When it comes to Elasticsearch monitoring, these excellent solutions are available. Some are free, others require a commercial license, and some sit somewhere in between, offering some features for free and requiring a license for others. All options mentioned in this post are viable from our experience, so when it comes to selecting a monitoring solution for your cluster, it comes down to personal preference and your specific needs.

Due to our extensive experience with Elasticsearch and after using many different tools over the years, we developed and currently use Pulse ourselves for most use cases. The main advantage of Pulse is that it includes the capability for monitoring and alerting and gives actionable insights about the Elasticsearch cluster. From our experience, this is something that cannot be underestimated.
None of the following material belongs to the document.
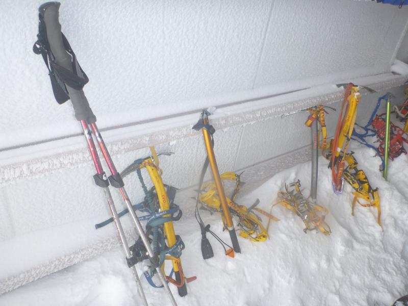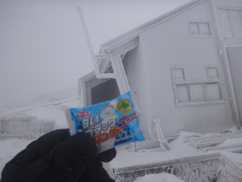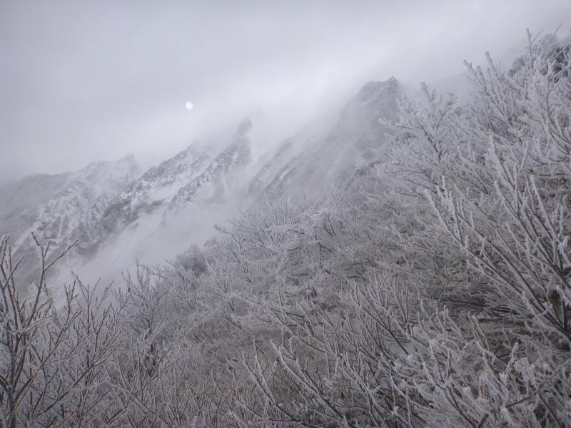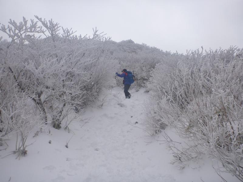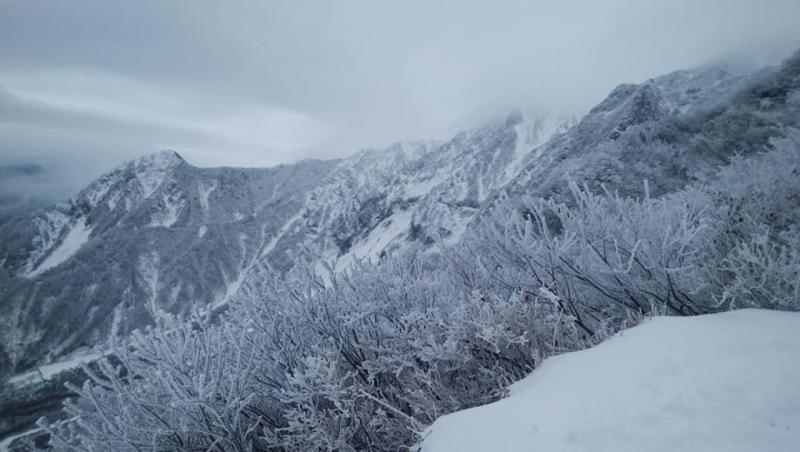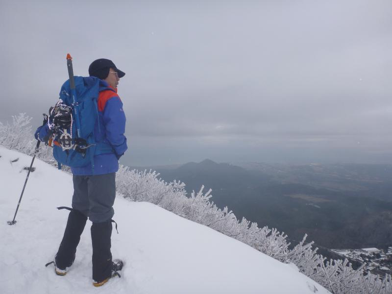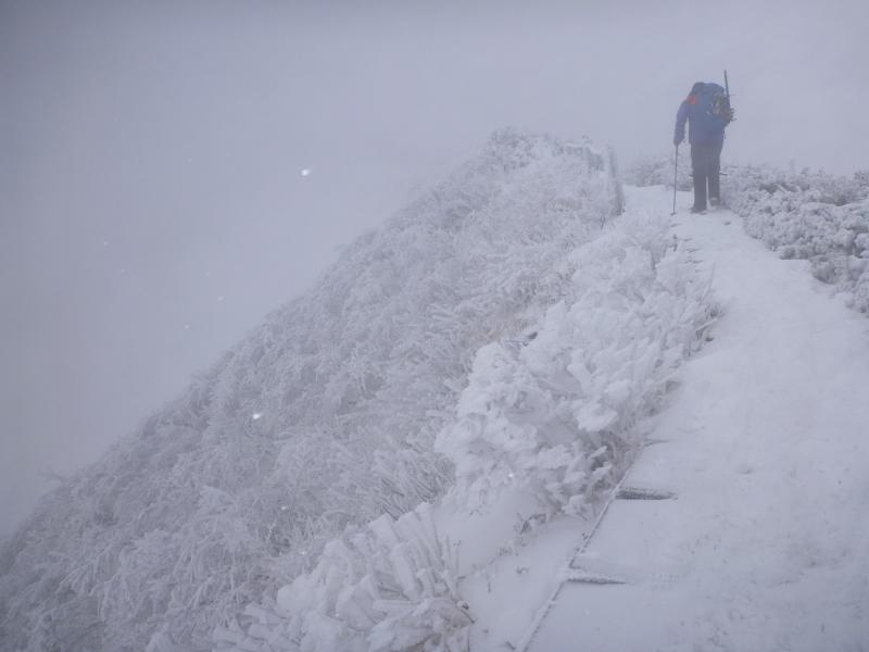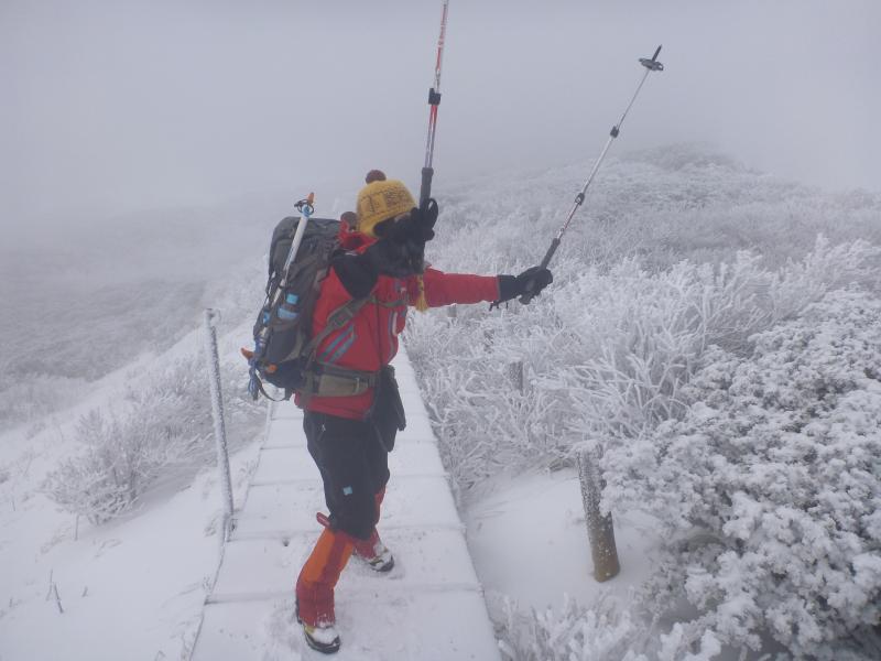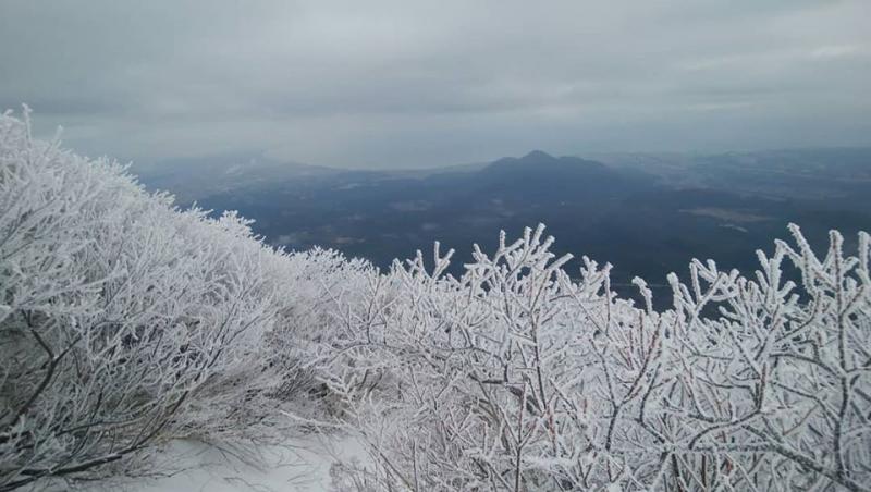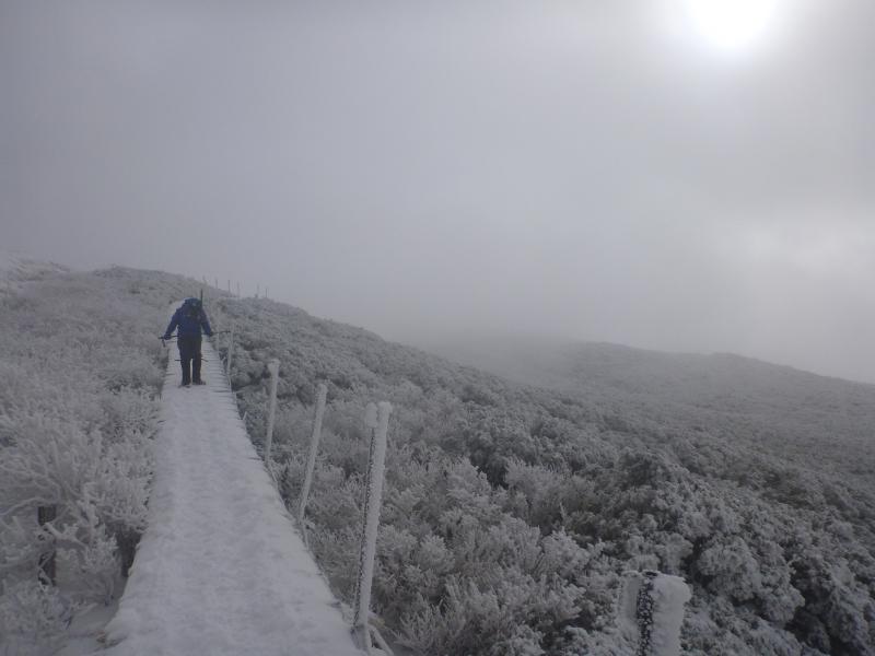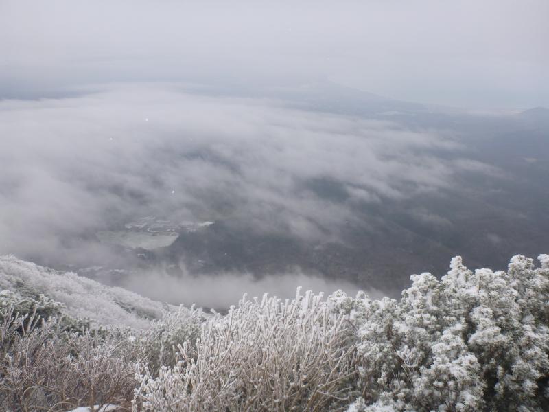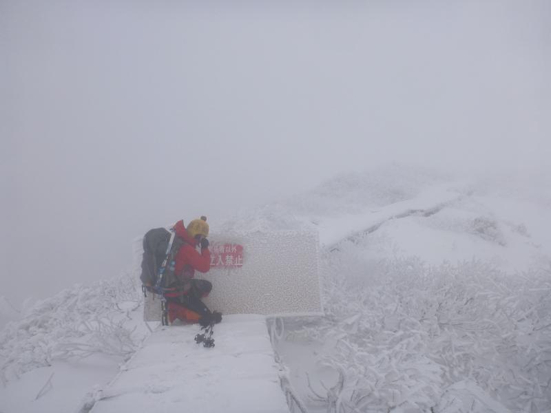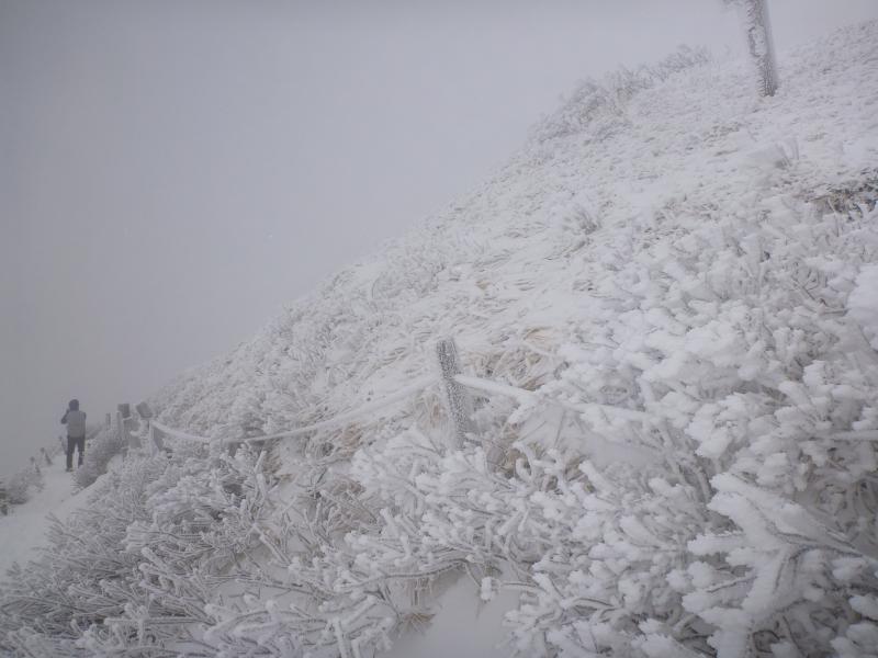 登りは、登山道がほぼ出ていたため、普段なら6合でアイゼンをつけますが、今回は付けず山頂に向かいました。8合にて、雲が晴れ、北壁と三鈷峰、弓ヶ浜など展望が開け、霧氷と一緒に絶景でした。カメラを取りに帰りたかったです。(笑)

Too often, engineers are plagued with a situation where the problem is known, but there is no idea what caused it, how to fix it, and how to prevent it from occurring again. Understanding the cause and effect of a failure and implementing a solution can sometimes take hours or even days. In these cases, having those expert tips can save time and money and zero in on the issue's root cause faster.

Another first-rate alternative would be to stick with the default tool, Kibana. This is especially true when you’re using a hosted Elasticsearch solution like Elastic Cloud, seeing as in Elastic Cloud the product is already part of the Elastic Stack and offers all the capabilities and licensed features out of the box.

As the best free and open-source monitoring solution, we recommend Grafana.

If you do not have cost concerns and would rather opt for a more commercial, full observability platform that encompasses not only your Elasticsearch clusters but also your applications, logs, and metrics, then New Relic or Datadog is the way to go.

We hope this helps you make better-informed decisions about your Elasticsearch monitoring needs.